The principal traditional settlement area of the Luhya is in what was formerly the Western province. A substantial number of them permanently settled in the Kitale and Kapsabet areas of the former Rift Valley province. The Luhya people make their home mainly in the western part of Kenya. Administratively, they occupy mostly Western province, and the west-central part of Rift Valley province. Luhya migration into the Rift Valley is relatively recent, only dating back to the first few years after independence in 1963, when farms formerly occupied by colonial white settlers were bought by, or given to Africans. Western Kenya is one of the most densely populated parts of Kenya. Migration to their present Luhyaland (a term of endearment referring to the Luhya's primary place of settlement in Kenya after the Bantu expansion) dates back to as early as the 7 BC.

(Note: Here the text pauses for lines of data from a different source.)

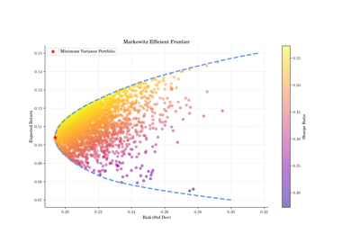 Plots# Below is a gallery of all the charts in the calendar and their source code. Black Monday Black Monday GBM via Transformation of BM GBM via Transformation of BM Brownian Motion Brownian Motion Capital Asset Pricing Model Capital Asset Pricing Model Compound Effect Compound Effect Correlation Correlation Pearson Correlation Multiple Pairs Pearson Correlation Multiple Pairs Compounded Interest Compounded Interest Discretisation Schemes Discretisation Schemes Euler, Milstein Schemes Convergence Euler, Milstein Schemes Convergence Chi Distribution Chi Distribution Exponential Distribution Exponential Distribution Log-Normal Distribution Log-Normal Distribution Normal Distribution Normal Distribution Student-t Distribution Student-t Distribution Convergence of Compounding to Euler’s Number Convergence of Compounding to Euler's Number Exponential Decay Exponential Decay Geometric Brownian Motion Geometric Brownian Motion Markowitz Efficient Frontier Markowitz Efficient Frontier Martingales Martingales Moving Averages Moving Averages Normality Testing Normality Testing Ornstein-Uhlenbeck Process Ornstein-Uhlenbeck Process Random Walk Random Walk Returns and Log-Returns Returns and Log-Returns Sharpe Ratio Sharpe Ratio Time Value of Money Time Value of Money Yied Curve Yied Curve Yied Curve Shapes Yied Curve Shapes Gallery generated by Sphinx-Gallery
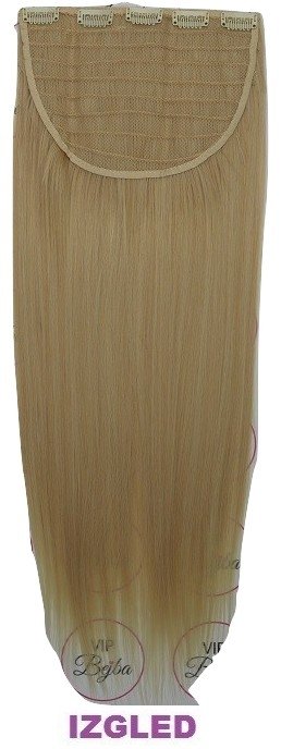 Sintetični clip-on lasni podaljški na 1 zaveso, ravni, zlato pramenasto blond F12, dolžine 60cm Celoten opis
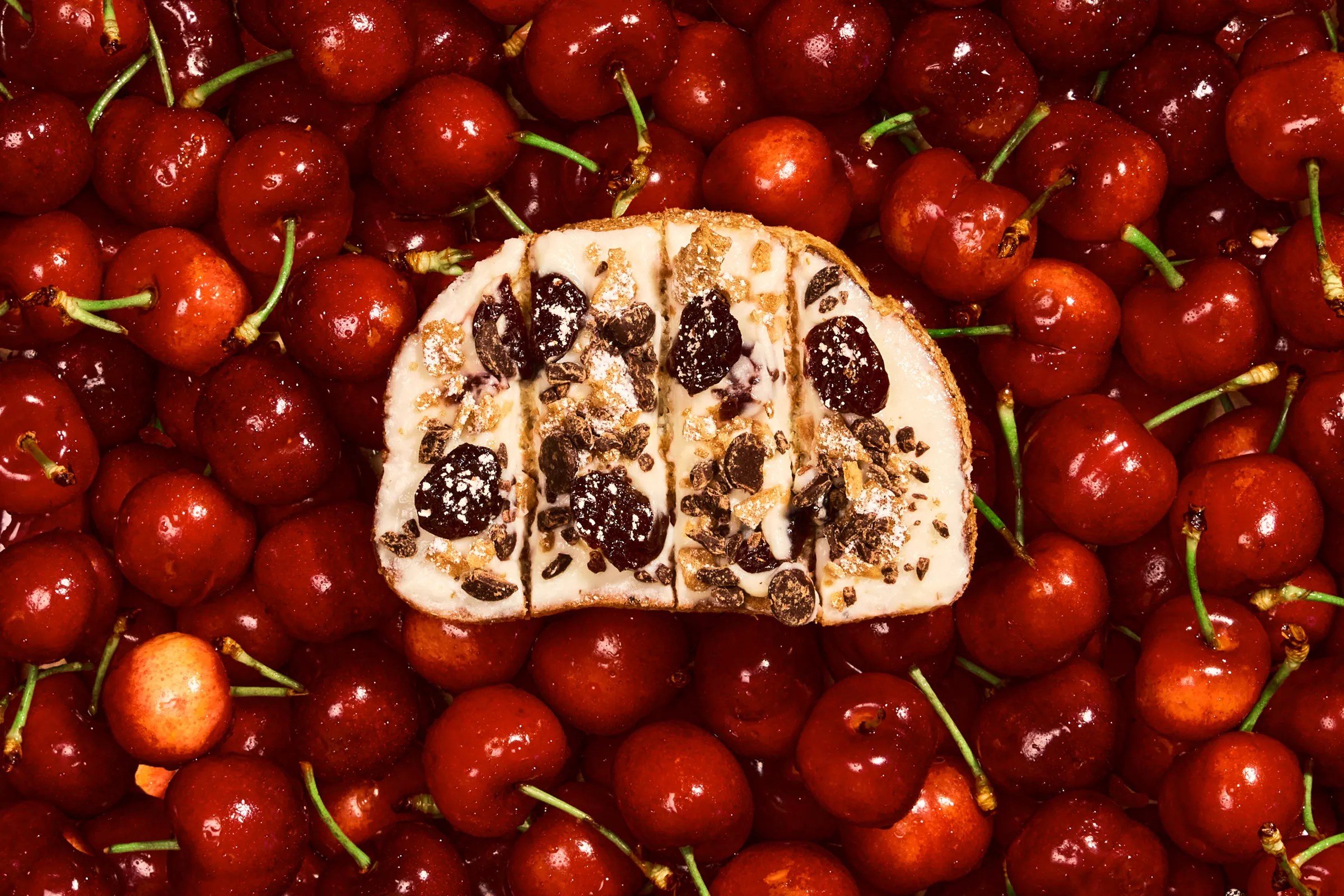 • What they say: Cherry cannoli filling, dried cherries, waffle cone crumbles, powdered sugar, chocolate chip shavings.
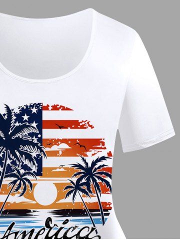Plus Size Coconut Tree Sun Seascape Print Hawaii T-shirt - White - S
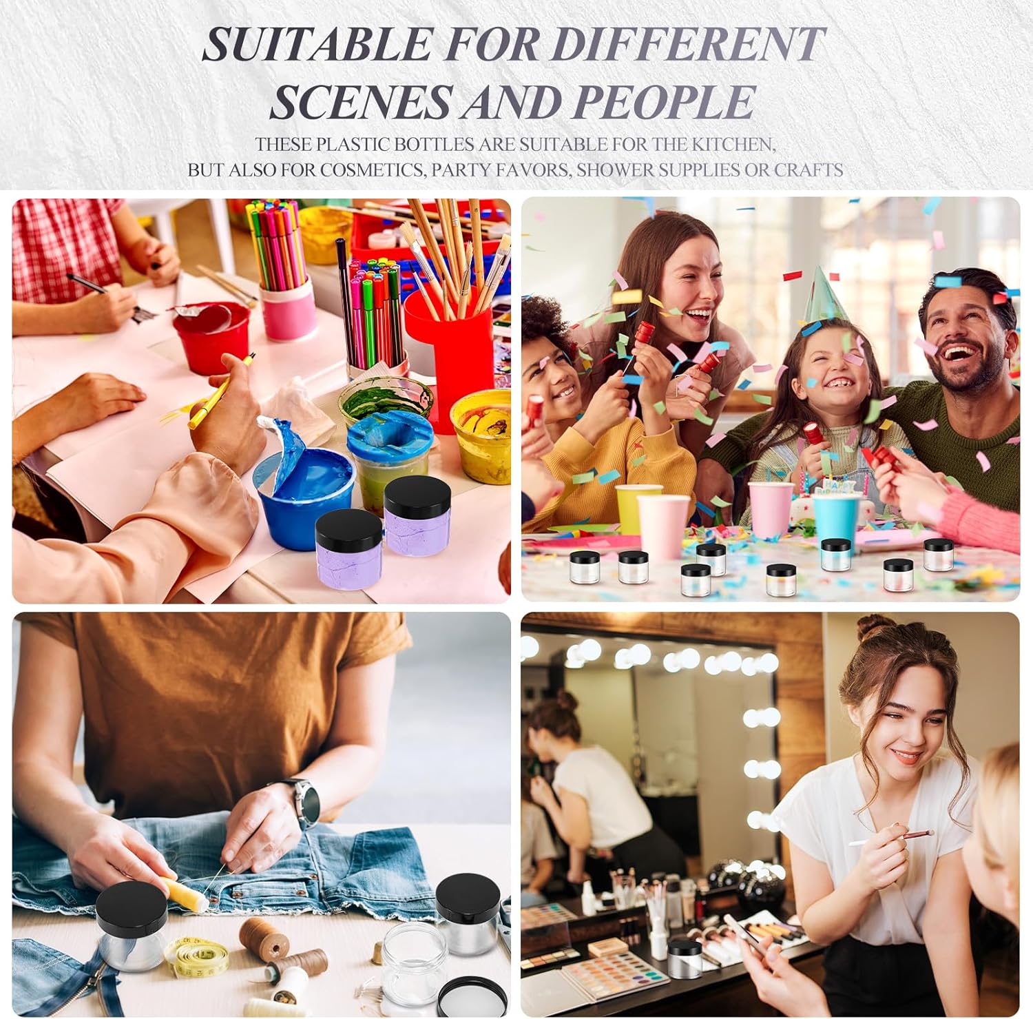 • Quality Material: the plastic jars with lids are made of quality plastic, without odd smell, does not contaminate your skincare products, stable, high temperature resistance, sealed storage and leak proof
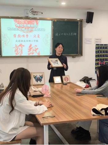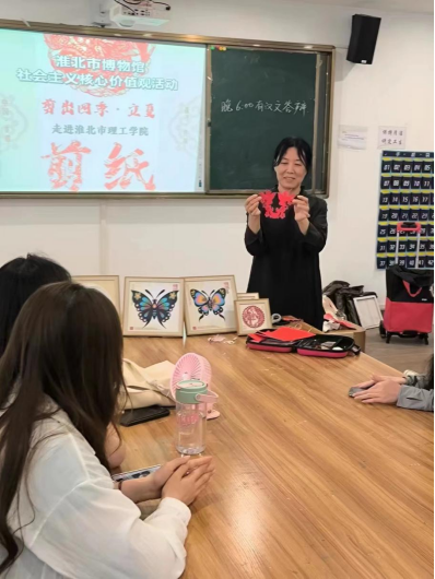 活动中博物馆工作人员向同学们详细介绍了“剪纸”作为中华非物质文化遗产的演变过程,“剪纸”创作的基本要领,展示了精美的剪纸作品,带领同学们对一些剪纸形式进行了赏析,同学们认真聆听,积极与老师互动交流。
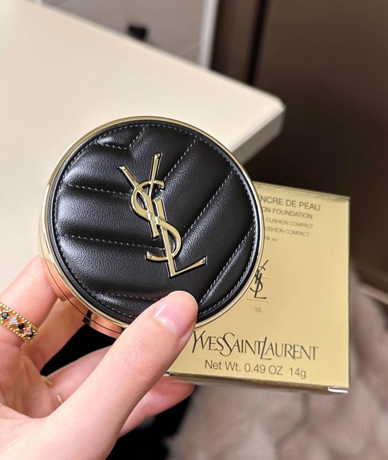 2件起各减$10。 【專櫃】新版YSL聖羅蘭皮革氣墊新版 【防曬度23】黑氣墊 原價$670 #10 $365 #20 $350 貨期7-10日💙 【專櫃】新版YSL聖羅蘭皮革氣墊新版 【防曬度23】黑氣墊 以YSL相機包為靈感的V型紋壓印皮革墨水氣墊,黃銅logo與皮質搭配更顯高級,並且比舊款更加持久保濕遮暇效果更好!!
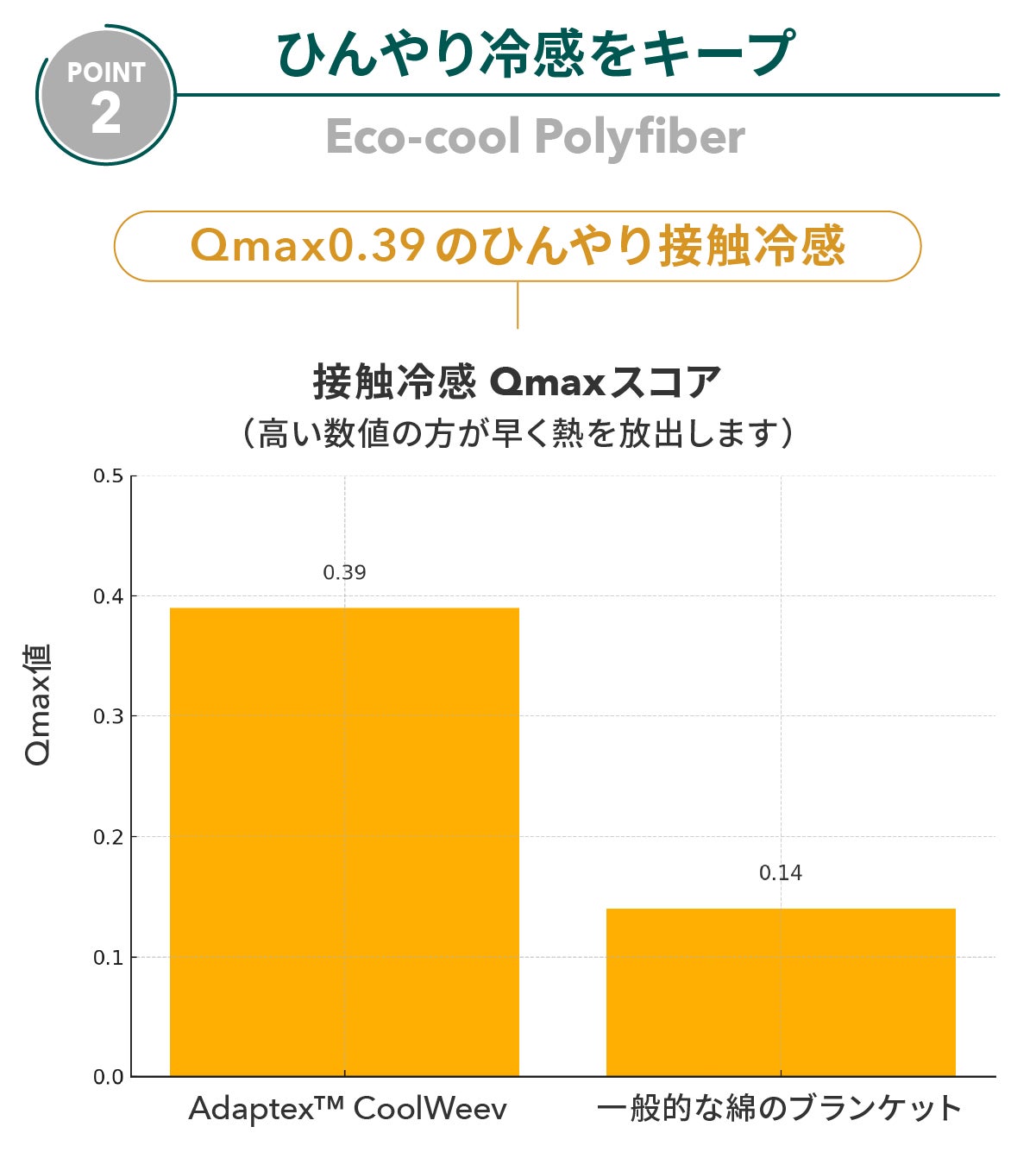 独自開発の Adaptex CoolWeev™(特許出願中)により、綿素材の約3倍の速さで熱を放出。Qmax試験で 0.39 の高い冷感値を記録しました(綿は約 0.14)。肌に触れた瞬間からしっかりクールなひんやり感が得られます。

Immigrants into present-day Luhyaland came mainly from eastern and western Uganda and trace their ancestry mainly to several Bantu groups, and to other non-Bantu groups such as the Kalenjin, Luo, and Maasai. By 1850, migration into Luhyaland was largely complete, and only minor internal movements occurred after that due to diseases, droughts, domestic conflicts and effects of British colonialism.

==Origins and history==

Location of Western Province in Kenya.

===Overview===

Anthropologists, geneticists, and linguists have evidenced that the progenitors of the Luhya were part of the great Bantu expansion out of Central Africa. During a wave of expansion that began 4,000 to 5,000 years ago, Bantu-speaking populations – as of 2023, some 310 million people – gradually left their original homeland of West-Central Africa and traveled to the eastern and southern regions of the continent. However, the majority of the other Luhya tribe are mostly from present-day Uganda.

===Colonial period===
The first European the Luhya had contact with was probably Henry Morton Stanley as he voyaged around Lake Victoria. In 1883, Joseph Thomson was the first European known to pass through Luhya territory on foot, and was influential in opening the region to Europeans after his meeting with King Nabongo Mumia of the Wanga Kingdom.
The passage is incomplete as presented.